Harvey D. Palmer, associate professor and chair of the Department of Political Science, has a somewhat different take on the issue.

“The competitiveness of the presidential election makes it difficult to distinguish punditry from partisanship,” he says.

“Yet, political science research finds that most voters decide how they will vote well before the campaign’s last week. So from a scientific perspective,” he says, “what will likely matter most in understanding the outcome on Tuesday is not what happens in the final week, but rather which scholarly interpretation of the current state of the race is more accurate.

“There are essentially two distinct interpretations,” Palmer explains. “The ‘statistical’ perspective, based on Bayesian statistical modeling of the state-level poll, averages argues that the race is essentially over because Obama is too far ahead in too many of the battleground states.

“The Romney campaign appears, though, to disagree with this conclusion, since their decision to increase spending in Pennsylvania and Minnesota this week ignores the Bayesian forecasts that these states are nearly unwinnable,” he says, “while embracing the ‘journalistic’ view (based on a simple moving average of the polls) that the race is tied, if not trending in Romney’s favor.

“Scholars adopting this journalistic interpretation speculate that most of the polls are biased in Obama’s favor due to overweighting Democrats, and question the statistical expectation that Obama will perform better in the Electoral College than in the popular vote, contrary to the historical trend for Democrats (e.g., Gore in 2000),” Palmer says. “Thus, the election outcome will serve as a critical test of whether statistical modeling is the most reliable approach to interpreting presidential polls.”

Battista notes that after a September dominated by strong Obama polling and an October dominated by his poor performance in the first debate, “the last week’s election polls have returned to about the levels predicted by the fundamentals a few months ago. The best we can say is that we’re ‘highly confident’ that the outcome is uncertain, if not as uncertain as a coin flip,” he says.

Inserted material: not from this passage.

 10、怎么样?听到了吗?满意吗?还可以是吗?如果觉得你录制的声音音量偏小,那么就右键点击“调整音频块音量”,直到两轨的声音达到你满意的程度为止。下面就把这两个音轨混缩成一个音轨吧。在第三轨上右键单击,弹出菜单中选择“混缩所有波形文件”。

James Campbell, professor of political science who is nationally regarded for his successful forecasting models, agrees that the outcome remains uncertain.

“The fundamental forces shaping presidential elections are closely balanced this year,” he says, “with an electorate that is at near parity in partisanship, with nearly as many Republicans as Democrats, and both groups highly polarized ideologically.

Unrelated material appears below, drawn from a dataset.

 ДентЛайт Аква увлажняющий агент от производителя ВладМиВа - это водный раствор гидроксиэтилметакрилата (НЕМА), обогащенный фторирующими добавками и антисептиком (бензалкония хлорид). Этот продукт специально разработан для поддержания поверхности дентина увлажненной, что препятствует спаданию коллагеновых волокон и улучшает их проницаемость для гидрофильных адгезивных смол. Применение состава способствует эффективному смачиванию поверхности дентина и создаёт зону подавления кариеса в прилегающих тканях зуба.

“For their parts, the candidates have offsetting strengths and weaknesses,” says Campbell.

“President Obama has incumbency going for him. Historically, about three out of four incumbent presidents win their re-election attempts and it is rarer still for a first-term presidential party to lose.

“On the other hand,” he says, “the president is burdened by a very weak economic record. Of the 10 presidents seeking re-election since 1956, only two (G.H.W. Bush and Ford) had overall weaker economic records (mean real GDP growth, not counting their first year) and only one (Carter) entered the fall campaign with a weaker economy. The economy is clearly on Romney’s side of the ledger and explains, at least in part, his rise in the polls after the first debate.”

“While poll aggregators like Nate Silver or the Princeton Election Consortium are making more confident predictions of an Obama victory, they’re playing a different game,” Battista says. “They take the latest information, project it forward, then make the unremarkable claim that next week’s election will look a lot like recent polling.

“In contrast, academic forecasters like Jim Campbell and Alan Abramowitz attempt to isolate a few key causal factors well in advance,” he says.

Campbell adds that with the fundamentals roughly balanced, “the key to the election would seem to be whether undecided swing voters are willing to give the president an ‘incomplete’ on the economy and whether it is Democrats or Republicans who are more energized to turn out this year.”

Political geography also is crucial, he points out.

“It is clear that the outcome of the election will depend on what happens in a handful of hotly contested battleground states, “ Campbell says, “including Florida, Ohio, Virginia, Wisconsin, Colorado, Iowa, New Hampshire and Nevada. The election is not close in New York, so it doesn’t make the list.”

And what about the effects of Hurricane Sandy?

“There is simply no good data to turn to in this regard,” Battista says. “There does not seem to have ever been a major hurricane shortly before an election.

“If Election Day is dominated by unpleasant weather in the East, it will probably reduce turnout, especially Democratic turnout, but many people in battleground states have already voted and are, therefore, unaffected,” he says. “Many have and will make reasonable guesses about Sandy’s effects, but these remain only guesses.”